Knowing better hadn’t stopped me from romanticizing the open road. So I set out here, not knowing what would change, but only knowing that I had to change, and trusting that whatever the other side looked like it had to be an improvement. And for the longest time, I thought there would only be two answers to this dilemma: repress or let free. I thought the PCT would help me figure out which it should be. I would either get it out of my system or fall so deeply in love with the wilderness that it would provide me with enough bravery to forsake the things I was still holding on to.

Looking at Sprocket, like a vision from the future, seeing a version of myself that I thought maybe I wanted, I realize that I don’t want to be him. It’s not that there aren’t things to admire about him. To me, he is living proof that real happiness can be obtained with a shift in perspective. And certainly, some part of me is this person, but a lot of me isn’t. I like gardening. I like to build things. I like tinkering in the garage and long hours of study in front of a technical or scientific book. These are all pursuits that require me to stay put for a time.
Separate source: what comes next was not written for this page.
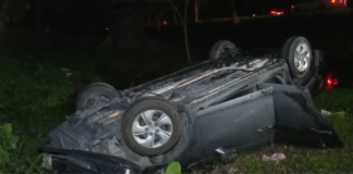 Llantas arriba quedó un turismo que volcó en el segundo anillo...

Two hundred miles in, I feel like I found a third answer to my dilemma: balance. I am both drifter and homeowner, family man and hermit. Do I contradict myself? Very well, then I contradict myself, I am large, I contain multitudes.

Sprocket unplugs his spare battery from the outlet and heads off.

I know that the mountains are a place I can return to when I need quiet, and solitude, space for me to think, and a reminder that I am not at the center of the universe. But I don’t need to live here full time. I grab a tallboy from the gas station and head out to make camp among the Mormon Rocks, relishing the privilege of remaining a delinquent just a bit longer.